It seems that every time you turn on the television, Barack Obama is smiling back at you. From news show appearances to live press conferences to late-night comedy stints, the president has rocked the airwaves since Inauguration Day.
But do all of the TV appearances add up to more transparency on important issues like health care or just more opportunities to hear the same rehearsed message over and over again?
Since the drive for health care reform legislation has ratcheted up, Americans have heard from Obama on the issue on a nearly constant basis. Just in the span of four days last week, he did interviews on health care with Katie Couric of CBS, Jim Lehrer of PBS, Meredith Vieira of NBC and Terry Moran of ABC, and addressed the nation in a prime-time press conference. CBS' Mark Knoller reported via Twitter last week that Obama's interview count was up to 88, more than any other president in the first six months.
Plus, the White House is using a host of new media tools -- a blog, live streaming videos, Twitter account and YouTube channel -- to communicate unlike any other administration.
Still, even with all that face time the American people have been getting with the president, and even though this administration has been more transparent than the previous one, the increase in TV time has not been a "transformative" change, according to John Wonderlich, policy director for watchdog group the Sunlight Foundation.
"I don't think appearing before the press necessarily means more transparency," said Wonderlich, who wants to see more of "the meat of the discussions" on health care.
Obama's track record for holding press conferences in his first few months of office is similar to that of other presidents -- through June of the first year in office, Obama had 17 press conferences, George W. Bush had 11, Bill Clinton had 18 and George H.W. Bush had 16, according to records kept by the American Presidency Project. But Obama has put a much greater emphasis on holding his press conferences in prime time. Last week's presser was his fourth in prime time, compared to the four prime-time press conferences held during George W. Bush's entire presidency, and that shift may be including more Americans in the discussion.
"By having [press conferences] in prime time, I think it does sort of open the doors a little bit," said Eric Boehlert, a senior fellow at the liberal organization Media Matters for America. "It's not just a White House, Beltway event. It makes it a national event -- or at least an attempt at one."
Wonderlich said it's the White House's new media efforts, not the TV appearances, that strike a more transparent tone. When people catch up with the president on Twitter or in a live streaming discussion, they "feel connected to the presidency in a way they wouldn't feel if it was just on TV or the radio," he said.
The White House has made some inroads, boasting 800,000 followers on Twitter, for example. And Obama's weekly address averaged 45,000 views this month on YouTube and WhiteHouse.gov, though that is down from about 200,000 views during his first month in office.

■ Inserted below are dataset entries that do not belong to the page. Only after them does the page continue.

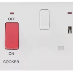 British General 800 Series 45A 2-Gang DP Cooker Switch & 13A DP Switched Socket White With LED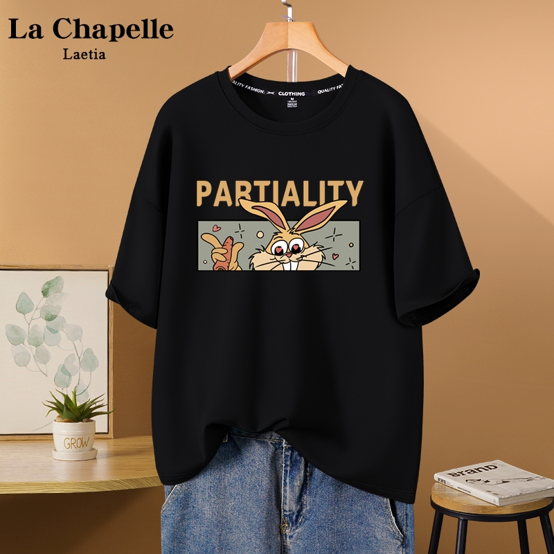 拉夏贝尔短袖t恤女2023年新款夏季黑色潮牌体恤纯棉兔子正肩上衣X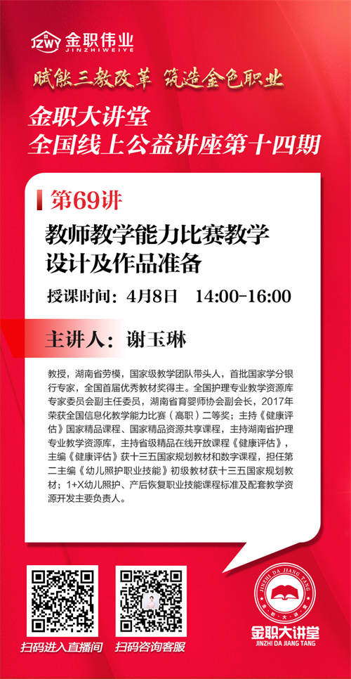 3月8日,金職大講堂將開啟第69講,課程將邀請(qǐng)?jiān)乐萋殬I(yè)技術(shù)學(xué)院護(hù)理學(xué)院院長(zhǎng)謝玉琳教授,以“教師教學(xué)能力比賽教學(xué)設(shè)計(jì)及作品準(zhǔn)備”為主題進(jìn)行授課。屆時(shí),誠(chéng)邀各位行業(yè)專家、院校老師共同參與。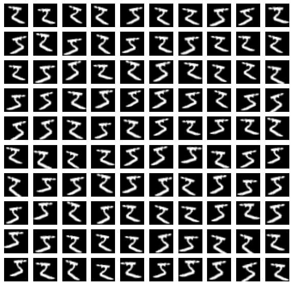 x_augument = img_gen.flow(np.tile(x_train[0].reshape(28*28), 100).reshape(-1, 28, 28, 1),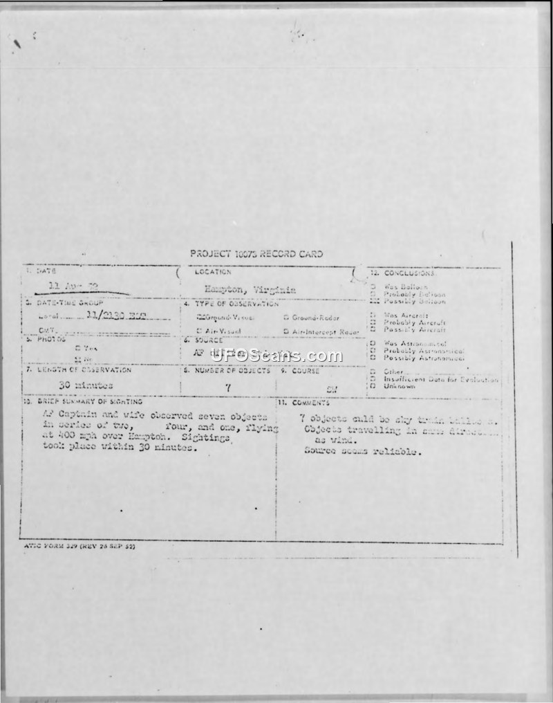 Project 10073 Record Card and Air Intelligence Information Report — Hampton, Virginia, 11 August 1952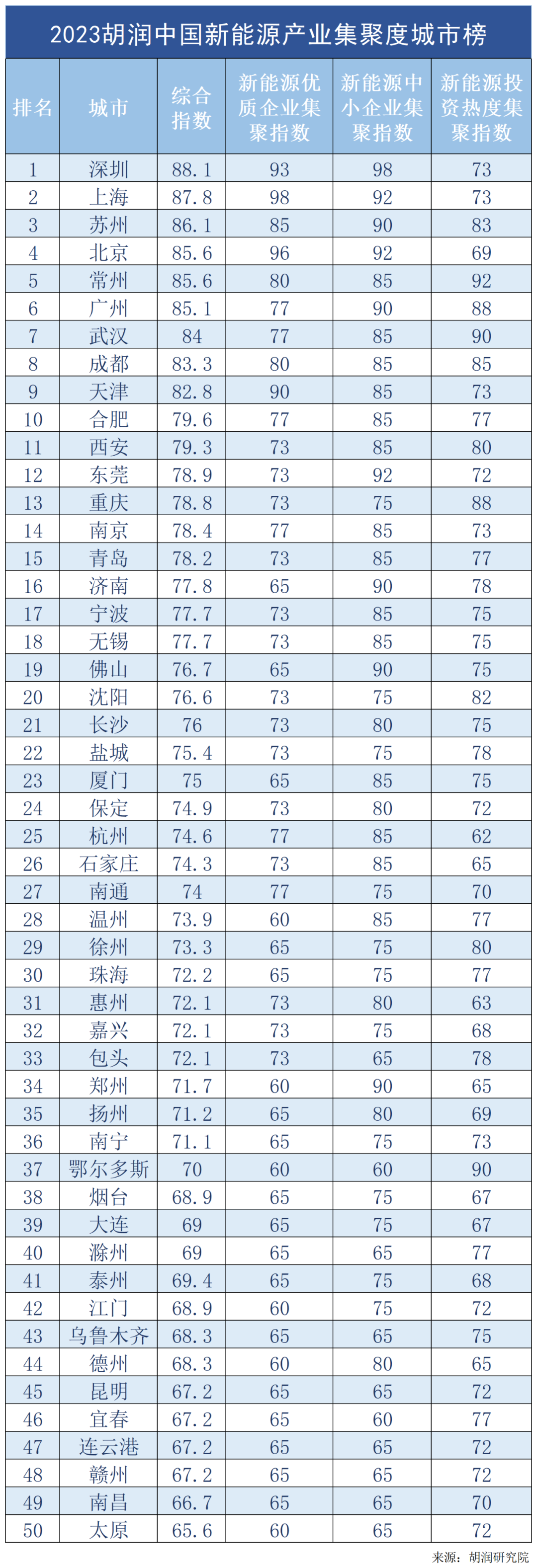 6月19日發布的《2023胡潤中國新能源產業集聚度城市榜》(以下簡稱榜單)顯示,深圳、上海、蘇州位列前三,北京、常州則并列第四,廣州、武漢、成都、天津和合肥分列6-10位。

Despite efforts to move from the tube to the Web, Obama was questioned at last week's press conference about not televising health care reform negotiations on C-SPAN, something he promised on the campaign trail. Obama told a crowd at a town hall in Virginia last August: "We'll have the [health care] negotiations televised on C-SPAN, so that people can see who is making arguments on behalf of their constituents, and who are making arguments on behalf of the drug companies or the insurance companies."
In response to the question last week, Obama said he would still be open to putting all health care-related meetings on C-SPAN.
"You will recall in this very room that our kickoff event was here on C-SPAN and, at a certain point, you know, you start getting into all kinds of different meetings," Obama said. "I don't think there are a lot of secrets going on in there."
Continuing its use of the Web as a tool for transparency, the White House streamed about nine meetings of health care stakeholders and White House officials live on its Web site, and four of those meetings have included the opportunity for viewers to type in their questions and comments to be read aloud in the meeting, according to White House Director of Online Programs Jesse Lee.
"It's made both sides [of the discussion] more meaningful," Lee said. "Other people are paying attention and being a part of the conversation."
The discussion videos are not archived on the White House Web site, but Lee said his office plans to make those available soon.
Additionally, administration officials including White House Office of Health Reform Director Nancy-Ann DeParle and Health and Human Services Secretary Kathleen Sebelius have hosted live streaming discussions to answer questions submitted through Facebook or the White House Live section of the Web site. Those discussions have averaged 3,000 to 5,000 participants.
Lee acknowledged that most people "don't necessarily know to come to WhiteHouse.gov to have a chat regularly with White House officials." But, he predicts, "that will be something that people will get used to and come for more regularly."